Reproduktions- und Geschichtspolitik bis heute
Über alle beschriebenen Phasen hinweg lässt sich ein zunehmender menschlicher Glaube an die Beherrschung der Natur feststellen, der immer stärker auch den Bereich menschlicher Reproduktion zu umfassen begann. Die von Max Horkheimer gemachte Beobachtung, der Mensch teile im Prozess der zunehmenden Kontrolle über die Natur „das Schicksal seiner eigenen Welt“, liefert dafür eine treffende Beschreibung. Der Möglichkeitsraum zur Veränderung der menschlichen Umwelt erstreckte sich bald auch auf den Menschen selbst, wodurch er zum Gegenstand von Interventionen wurde. Wie Horkheimer pointiert formulierte: „Naturbeherrschung ist Menschenbeherrschung.“
Die kontroverse Geschichte der Reproduktionspolitik dient bis heute als Folie für politische Argumente, etwa in der Debatte für oder gegen das Recht zum Schwangerschaftsabbruch. In Polen oder den USA verweisen Abtreibungsgegner immer wieder auf die eugenische Geschichte der International Planned Parenthood Federation und ihrer Gründerin Margaret Sanger. Im Gegenzug verteidigen sich diese Organisationen als Verfechterinnen von Frauen- und Menschenrechten. Geradlinige Argumente bleiben in dieser Geschichte jedoch schwierig, da sich die Bedeutung von Begriffen wie „Menschenrechte“ oder „Eugenik/Genetik“ konstant verändert – und nicht friktionsfrei auf heutige politische Debatten übertragbar ist.
Foucaults Begriff der Biopolitik ist vielleicht zu breit, um die unterschiedlichen Aspekte der Reproduktionspolitik der vergangenen 250 Jahre zu beschreiben. Was die Theorie der Biopolitik jedoch nachhaltig in die Debatte eingebracht hat, ist eine Distanzierung von einem Repressionsparadigma, das die Regulierung von Sexualität und Reproduktion nur als staatliche Kontrollpolitik verstand.

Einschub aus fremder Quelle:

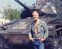 < My platoon sergeant, SFC FRANK COX, with his tank at the end of REFORGER 1977/78.
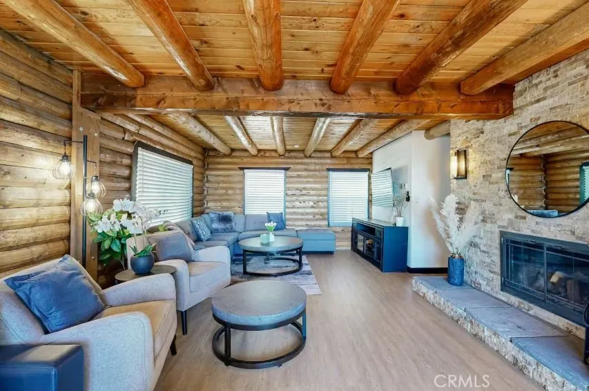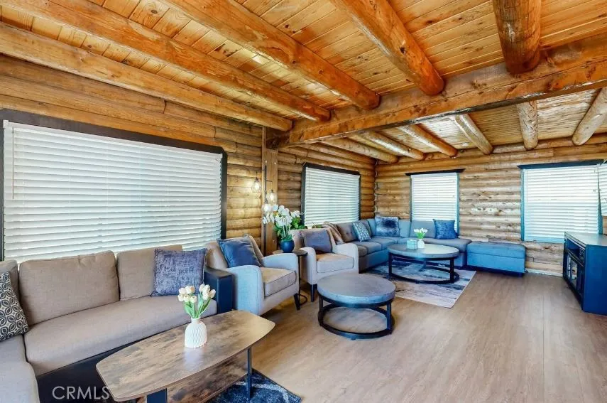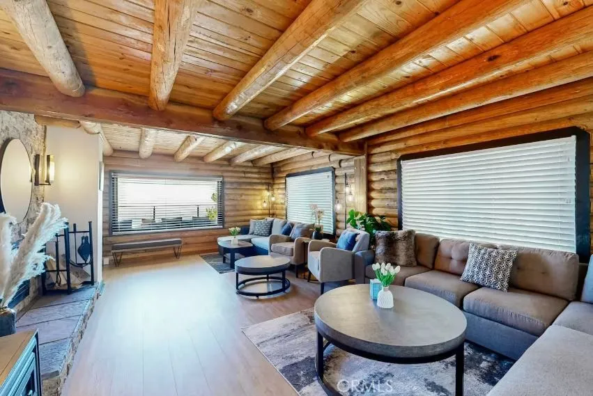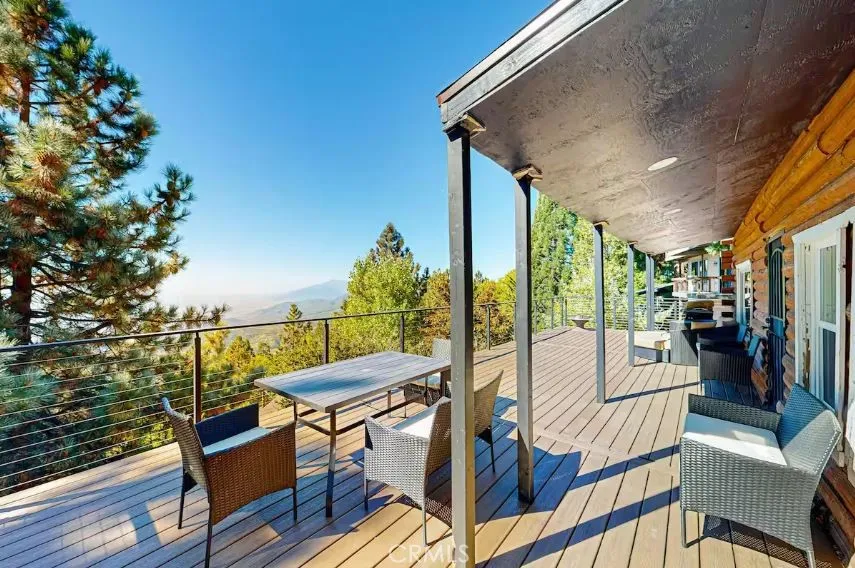 Tucked away in the scenic mountain community of Running Springs, this rare dual-unit log cabin property offers exceptional flexibility, income potential, and breathtaking views. This amazing property is sold with all furniture included. The main residence showcases a beautifully updated 3-bedroom, 2-bathroom log cabin, blending rustic charm with modern finishes from a full remodel completed in 2023. Downstairs, a separate 1-bedroom, 1-bathroom unit features its own private entrance and full kitchenideal for extended family, guests, or rental income. Both units can also be easily combined into one spacious home via an interior staircase, giving you the option to customize the layout to your needs. Adding even more value, the property includes a detached 2-car garage at street level, with an expansive storage area below that offers exciting potential for conversion into a studio or additional rental unit. Currently, the main cabin has been operating as a successful Airbnb and vacation retreat, while the lower unit was previously rented for $1,800/month. With the downstairs unit now vacant, the new owner has a prime opportunity to maximize income or create a multi-generational living setup. One of the standout features is the massive 16'x40' Trex deck overlooking San Bernardino Valley all the way to LA and Orange County. This is one of the most amazing views on the mountain. The deck is a wrap-around deck that goes down both sides of the home to a multi-level entertainment deck attached to the front of the home. Located in a desirable neighborhood just minutes from Santas Vill

Historisch zeigen sich im Gegensatz dazu sowohl Versuche der staatlichen Kontrolle als auch der individuellen Selbstermächtigung bei der Ausnutzung von neuen Spielräumen. So wurden in den 1920er und 1930er Jahren etwa eugenische Beratungsstellen eingerichtet, die darauf zielten, genetisch „hochwertige“ Paare zur Zeugung von mehr Kindern anzuhalten. Tatsächlich nutzten Menschen diese Stellen jedoch, um Informationen über Sexualität und Verhütung einzuholen.